RECORDS SHOWN:
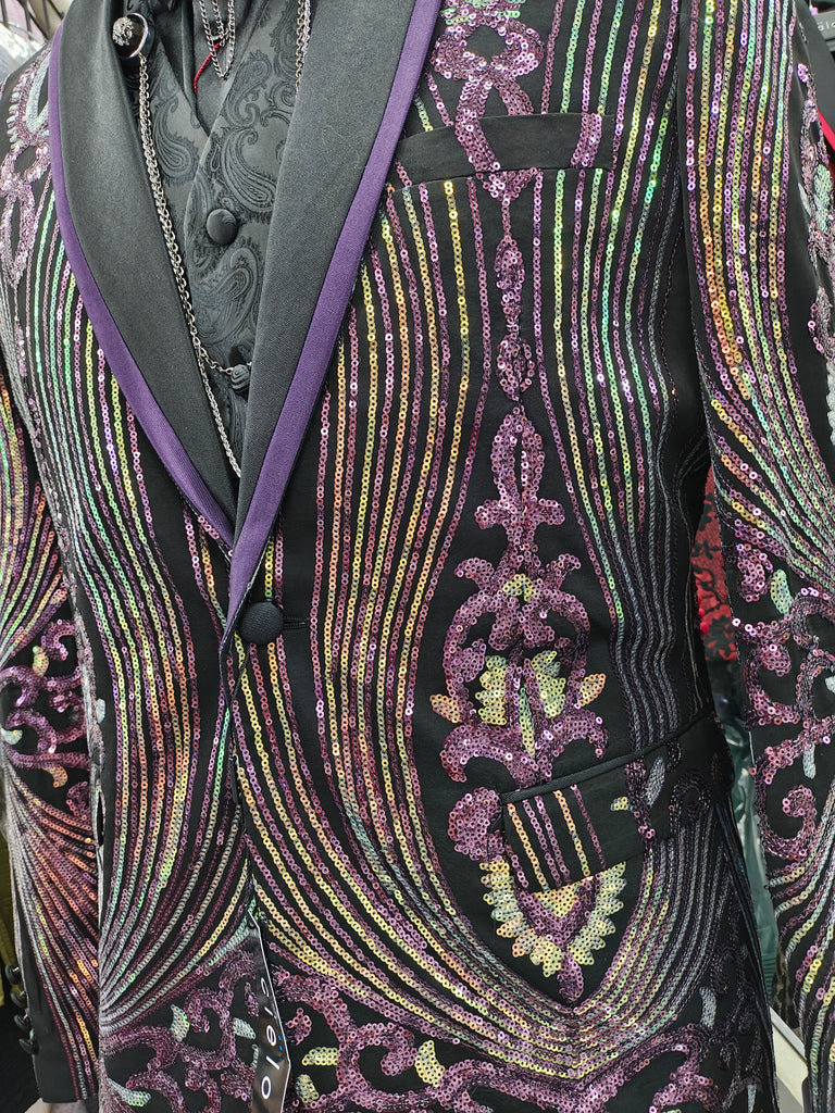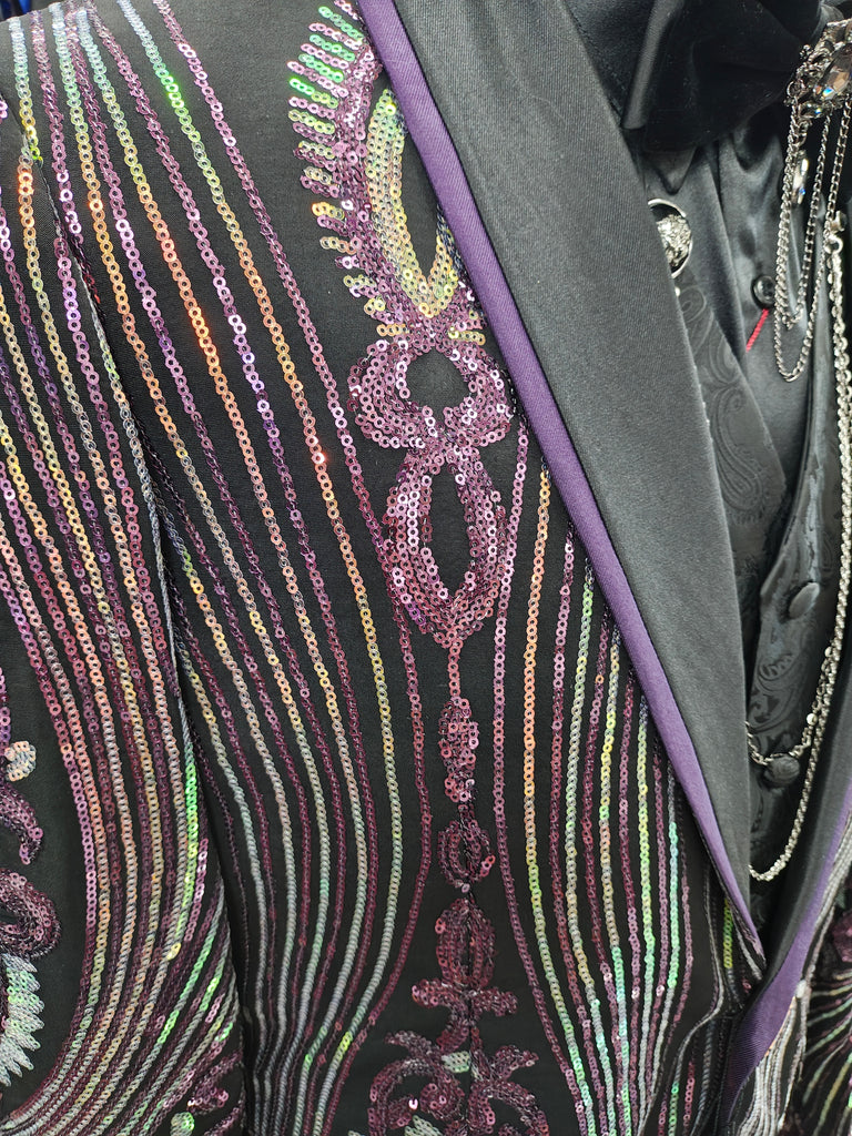 Mens Magnificent Black Purple Sequin Formal Dress Jacket BBT3616-1
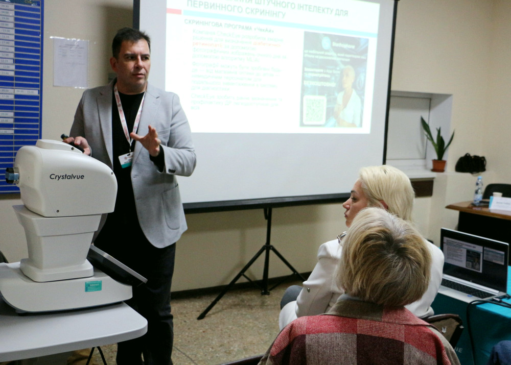 Також учасники конференції дізналися про новітні технології, які вже впроваджуються в лікарні №10. Було продемонстровано фундус-камеру для візуалізації ока та програму з штучним інтелектом для скринінгу діабетичної ретинопатії.
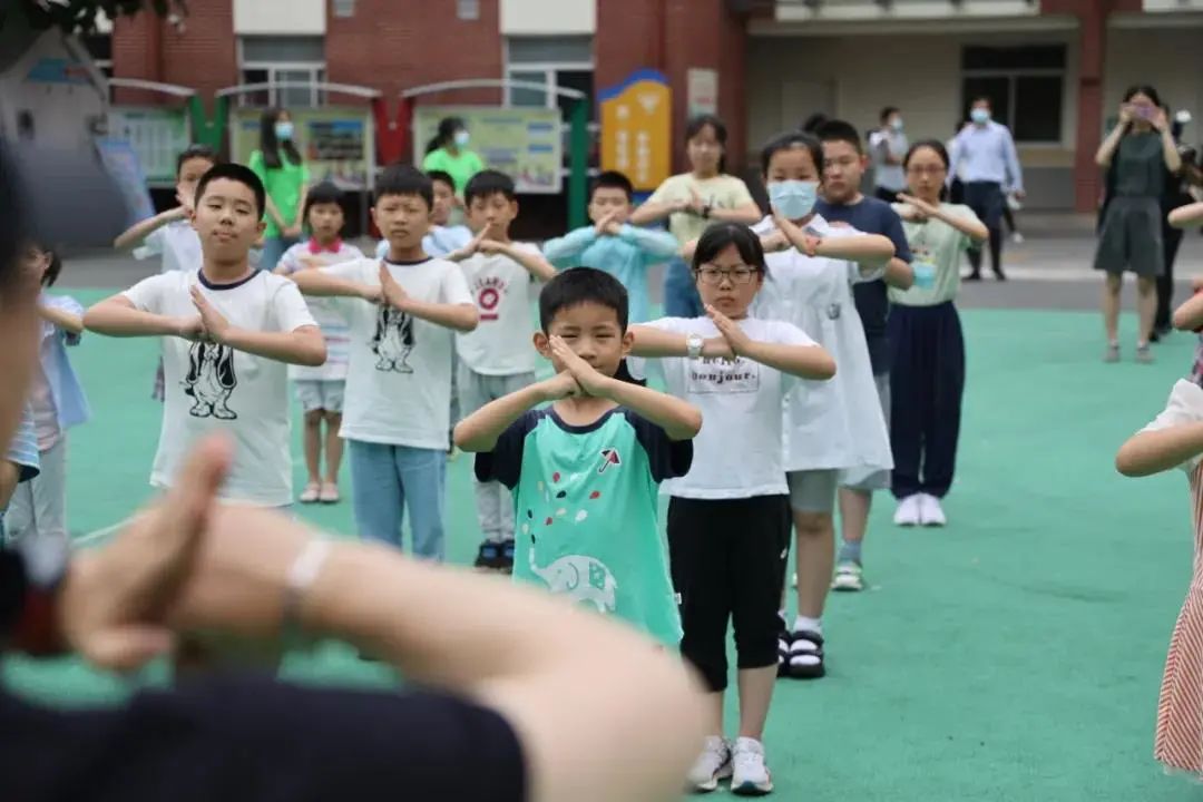 在汇师小学分校的操场上,响亮的口号声传来,徐家汇街道爱心暑托班2班的学生正在上武当一炁五行拳,他们跟着教练学一招一式,习得武术的礼仪、基本动作,感受传统武术的魅力。
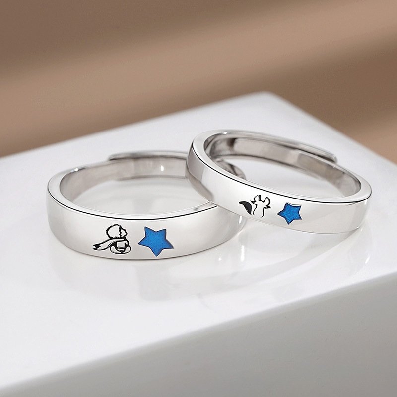 S925 Silver Cute Little Prince e Fox Couple Ring Abertura Ajustável Simples e Único Anel de Casal Feminino
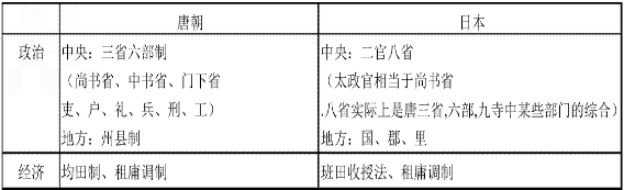 大化改新和唐朝制度比較:

ASSIGNED TASK: Pictures aside, reproduce the listing above exactly.

RESPONSE AREA:
 Mens Magnificent Black Purple Sequin Formal Dress Jacket BBT3616-1
 Також учасники конференції дізналися про новітні технології, які вже впроваджуються в лікарні №10. Було продемонстровано фундус-камеру для візуалізації ока та програму з штучним інтелектом для скринінгу діабетичної ретинопатії.
 在汇师小学分校的操场上,响亮的口号声传来,徐家汇街道爱心暑托班2班的学生正在上武当一炁五行拳,他们跟着教练学一招一式,习得武术的礼仪、基本动作,感受传统武术的魅力。
 S925 Silver Cute Little Prince e Fox Couple Ring Abertura Ajustável Simples e Único Anel de Casal Feminino
 大化改新和唐朝制度比較:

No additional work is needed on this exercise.